I'm trying to create a Windows application that uses C# MIP SDK (NuGet Microsoft.InformationProtection.File, version 1.13.161) to work with files protected by a Double Key Encryption.
I followed this guide to setup MIP SDK and enabled DKE by adding DoubleKeyProtection and DoubleKeyUserDefinedProtection keys to the FileEngineSettings.ConfiguredFunctionality dictionary.

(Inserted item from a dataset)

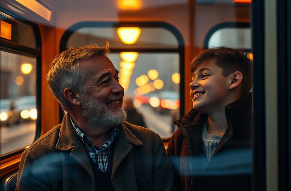 The tram rattled like an old biscuit tin, swaying along its route. Oliver sat by the window, watching the streetlights flicker to life in the dusk, forming a glowing chain in the darkness. He thought about his life.

Using the IFileEngine, I can retrieve all sensitivity labels (including DKE labels) and work with files protected by single key encryption ("Confidential" labels). But whenever I try to use sensitivity label with DKE, I receive a NotSupportedError: Double key protection is disabled. Exception with this error is thrown when committing a file handle after setting the label and when trying to initialize a file handle from a file protected by the DKE label.
According to MIP log, the source of the error is some inner HTTPS request that receives HTTP status 400:
MIP [Info] - message: Received HTTP response: ID: aa43de0d-3a0a-44d4-8499-83fd0de7d1c2, Status: 400, Time: 2023-06-07T20:20:04Z, Body: {"Code":"Microsoft.RightsManagement.Exceptions.BadInputException","InnerError":{"Resource":"[dke_service_url]","Code":"DoubleKeyEncryptionParametersMissing","Message":""},"Message":"Parameter DoubleKeyEncryptionPolicy is invalid."}, Headers['Date'] = 'Wed, 07 Jun 2023 20:20:03 GMT', Headers['Pragma'] = 'no-cache', Headers['Expires'] = '-1', Headers['X-Cache'] = 'CONFIG_NOCACHE', Headers['Content-Type'] = 'application/json; charset=utf-8', Headers['X-MSEdge-Ref'] = 'Ref A: 99DEEE7B27304EDC97E061BC77E9808F Ref B: AMS231032601031 Ref C: 2023-06-07T20:20:03Z', Headers['X-Powered-By'] = 'ASP.NET', Headers['Cache-Control'] = 'no-cache', Headers['CorrelationId'] = 'aa43de0d-3a0a-44d4-8499-83fd0de7d1c2', Headers['Content-Length'] = '250', Headers['X-AspNet-Version'] = '4.0.30319', Headers['client-request-id'] = 'aa43de0d-3a0a-44d4-8499-83fd0de7d1c2', Headers['Strict-Transport-Security'] = 'max-age=31536000; includeSubDomains', func: 'anonymous-namespace'::LogHttpOperationDetails at src\core\api_impl\http\http_director_impl.cpp (38)
I have tried to:
The result was always the same - NotSupportedError: Double key protection is disabled.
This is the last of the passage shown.